Bereavement Training for Organisations

Bereavement Training for Managers, HR and Mental Health First Aiders/Wellbeing Champions

 

Half day training can be offered as a bespoke service to support Managers, Human Resources teams and anyone else involved with employee wellbeing.

The course can help to:

  • Understand the grieving process and gain an awareness of current models that are widely recognised in contemporary grief theory

  • Identify ways to support employees through a bereavement

  • Learn to communicate effectively and compassionately with bereaved staff and colleagues within their team

  • Understand the impact of bereavement and grief in the workplace and the benefits of incorporating a workplace bereavement policy into their organisation

  • Gain an awareness of support organisations, and how and when to refer individuals for further support

  • Become aware of the impact of working with bereaved people, the boundaries of their roles and managing the wellbeing of themselves and others

 

Training can be delivered in-house (up to 12 people) or online if preferred for smaller groups. Discounted rates are offered to charities and public sector organisations.

Bereavement Consultancy

 

It may be that as a small business, you may be the main person responsible for managing all HR/Employment issues and are unsure about best practise and how you can support your staff member during a bereavement.

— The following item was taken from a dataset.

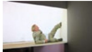
Markus Schinwald, Orient, 2011, video

The Austrian Pavilion featured the work of Markus Schinwald who negotiates the representation and manipulation of space, time, light, and shadow. He not only alters our experience of space through a moment of disturbance, but also uses the pavilion's architecture and history with all its ruptures, rifts, and blemishes making it his subject. Through the use of suspended walls Schinwald forces visitors to consider the significance of human legs in body language. The Pavilion was proved one of the highlights during the opening week of the Biennale.

In this instance, a one-to-one consultancy service can be offered as a 2hr minimum session to provide a briefer version of the above training course. This service can be offered for up to three members of staff.

Please do get in contact to discuss your organisation’s specific needs.

Why support bereaved colleagues?

 

Around 7 in 10 (72%) UK adults have been bereaved at least once in the last five years (Sue Ryder charity for palliative, neurological and bereavement support).

Yet only 9% said they had received support at work.

Meanwhile, more than half (51%) of respondents fear saying the wrong thing to someone who has recently lost a loved one. And among adults aged 18 to 34, 63% said they were worried about what to say.

These statistics should be concerning for all organisations as above all, they have a duty of care to their employees. Therefore, it is vital that line managers, HR and Mental Health First Aiders or Wellbeing Champions become aware of how they can best support a bereaved colleague in the workplace.

Impact for employers

Bereavement is often a life-changing experience which we will all go through at some point in our lives. Staying silent about it or undermining the impact of it can be hugely detrimental to someone who is grieving.

We know that grief and mental health are closely linked. Many employers are much more aware now of the importance of good mental health in the workplace and are making provisions to ensure employee wellbeing is high on their agenda.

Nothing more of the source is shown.